特征高斯波包叠前深度偏移方法

高斯波包（Gaussian packet）传播算子可在局部时空域高效地计算局部波包的传播.高斯波包叠前深度偏移的基础是在Gabor变换域描述观测数据，再利用高斯波包传播算子计算炮点波场和检波点波场，两者相关即可得到偏移结果.利用炮道集的局部τ-p特征在Gabor变换域表达观测数据，可以仅关注部分高斯波包框架函数上的数据投影，这样既实现了波场的压缩存储，同时可利用高斯波包传播算子反传框架函数以实现整个炮道集的快速反传.这些综合了观测数据局部τ-p特征的高斯波包函数称为特征高斯波包（characteristic Gaussian packet，CGP），相应的波场反传称为特征高斯波包反传.理论及数值分析证明了上述特征高斯波包反传方法是有效且快速的.炮点正传波场也利用高斯波包传播算子模拟.利用互相关成像条件可实现特征高斯波包叠前深度偏移（characteristic Gaussian packet pre-stack depth migration，CGPM）.由于高斯波包传播算子描述了局部方向及局部空间的波场，所以CGPM可以自然地提取角度域成像道集（ADCIG），并易于实现面向目标叠前深度偏移，从而作为偏移引擎为偏移速度分析（MVA）服务.数值实验证明了CGPM和面向目标CGPM的有效性和实用性.

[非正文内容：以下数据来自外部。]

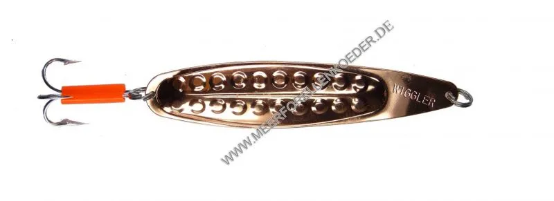 Seit 1950 ist der Wiggler Blinker der Klassische Kunstköder in Schweden. Der Blinker besteht aus dünnem Blech mit einem angegossenem Bleikern. Diese Materialkombination erlaubt weite zielgenaue Würfe und ein attraktives Köderspiel beim einholen. Hornhechte , Wolfsbarsch und Meerforelle können diesem Top Köder nur schwer wiederstehen. Ausgestattet mit hochwertigen rostfreien Springringen und originalen Mustad 3551 Drillingen.

Efficient pre-stack depth migration method using characteristic Gaussian packets

A Gabor domain seismic data sparse expression method is presented in this paper. To express seismic data sparsely in Gabor domain, the travel-times and the propagation directions of local plane waves from the seismic signals are selected. Seismic traces are then characterized by those parameters in Gabor domain, and we name the corresponding frame functions as characteristic Gaussian packets (CGP). Due to the sparse expression of seismic data in Gabor domain, back-propagation is much more efficient than the conventional method. Consequently, the characteristic Gaussian packets migration (CGPM) can be implemented efficiently by cross-correlating the Gabor-domain forward and backward propagated Gaussian packets. Besides, target-oriented imaging and angle-domain CIG outputting can be carried out naturally, because of the Gaussian packet's local orientation and the local spatial character. Numerical example shows that the back-propagated Gaussian packets are comparable with the back-propagated wavefield produced by the RTM (Reverse Time Migration) method, the target-oriented CGPM and the target-body CGPM are practically useful.